Horses were sedated with 10% xylazine hydrochloride (Equisedan®, J.A. Saúde Animal, Patrocínio Paulista/SP, Brazil) at 1 mg/kg intravenous. A trichotomy was performed on both sides of the lumbar region, cranial to the tuber coxae and ventral to the transverse processes of the lumbar vertebrae from L1 to L6. Antisepsis was conducted using povidone-iodine scrub and 70% alcohol. Local infiltrative anesthesia was administered with 2% lidocaine without a vasoconstrictor (Lidocaine hydrochloride 2%®, Hipolabor Farmacêutica, Belo Horizonte/MG, Brazil) (Figure 7A).
On both sides of the lumbar region, cranial to the sacrum and ventral to the transverse processes of the lumbar vertebrae (from L1 to L6), three 3 cm2 skin flaps were excised from each side: one cranial, one medial, and one caudal, spaced 7.0 cm apart (Figure 7B). All incisions were performed using a sterilized 3.0 cm2 template to ensure consistent removal of the skin fragments. The depth of the incisions extended through the skin and subcutaneous tissue, exposing the muscle fascia. The wounds on the right side were designated for clinical and gross evaluation, while those on the left were reserved for biopsies and microscopic examination.

4.5. Treatments

Dressings were applied immediately after the surgical wounds were created and then once daily throughout the 28-day experimental period. All five horses received phenylbutazone at a dose of 4.4 mg/kg intravenously (Equipalazone®, CEVA, Paulínia/SP, Brazil) immediately after surgery and for the following three days to manage pain and edema.
Before applying the dressings, all wounds were cleaned with lactated Ringer’s solution (Lactated Ringer Serum, Equiplex, Brazil). On both sides of the horse’s back, the first wound on each side was covered with frog skin (FSW) that had been rehydrated for 10 min in sterile lactated Ringer’s solution. The middle wounds (control wounds, CWs) were only treated with Ringer’s lactate solution and then bandaged with gauze. The third wound on each side received a layer of bacterial cellulose hydrogel ointment with alginate (BCAW), covering the entire wound area. The applied hydrogel seems to have a very low-density, almost paste-like structure (Figure 8).

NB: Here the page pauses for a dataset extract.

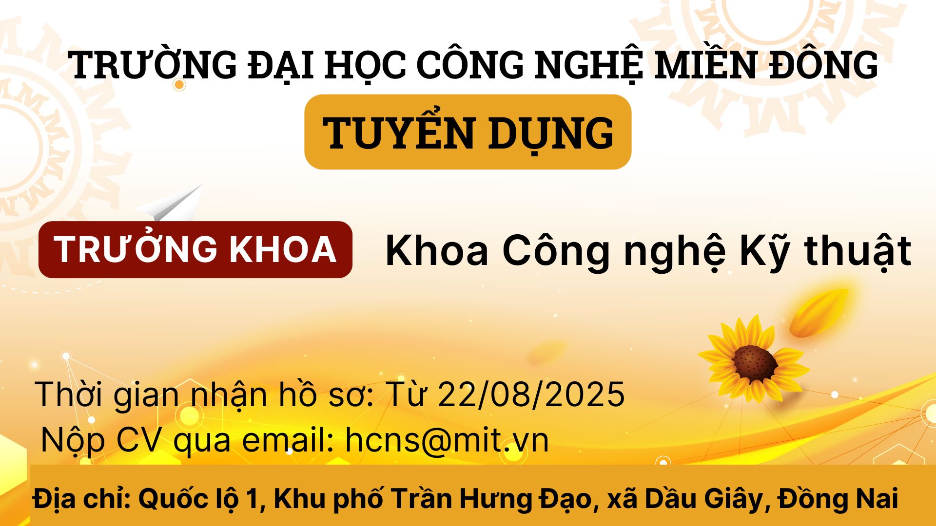 THÔNG TIN TUYỂN DỤNG Vị trí tuyển dụng: Trưởng phòng Đào tạo Đại học Mức lương: Theo thỏa thuận Nơi làm việc: Trường Đại học Công nghệ Miền Đông Địa chỉ: Khu phố Trần Hưng

4.6. Clinical and Photographic Evaluation of Wounds

Clinical and photographic evaluations were performed on the day of surgery (D0) and Days 3 (D3), 7 (D7), 14 (D14), 21 (D21), and 28 (D28). The clinical evaluation assessed parameters such as edema, hyperemia, local hemorrhage, crust formation, clot presence, exudate type and quantity, granulation tissue development, and epithelialization. Photographic monitoring was used with a ruler to measure the wound area, allowing for an objective assessment of the wound contraction rates. Wound area measurements were processed using Image J2 Software (Wayne Rasband National Institutes of Health, Bethesda, MD, USA, http://rsb.info.nih.gov/ij/download.html, accessed on 15 August 2022) (Figure 9).
The degree of wound contraction was calculated based on the equation proposed by Ramsey et al. (1995) [46]: contraction rate (%) = 100 × (W0 − WA)/W0, where W0 represents the original wound area immediately after its creation, and WA represents the wound area at the evaluation time (D0, D3, D7, D14, D21, or D28). The result was expressed as a percentage.
Data on wound area and contraction rates were analyzed using a split-plot design with repeated measurements over time, followed by an analysis of variance (ANOVA) and Tukey’s test for mean comparisons. The data were assessed for normality and homogeneity of variances, and statistical significance was set at p < 0.05.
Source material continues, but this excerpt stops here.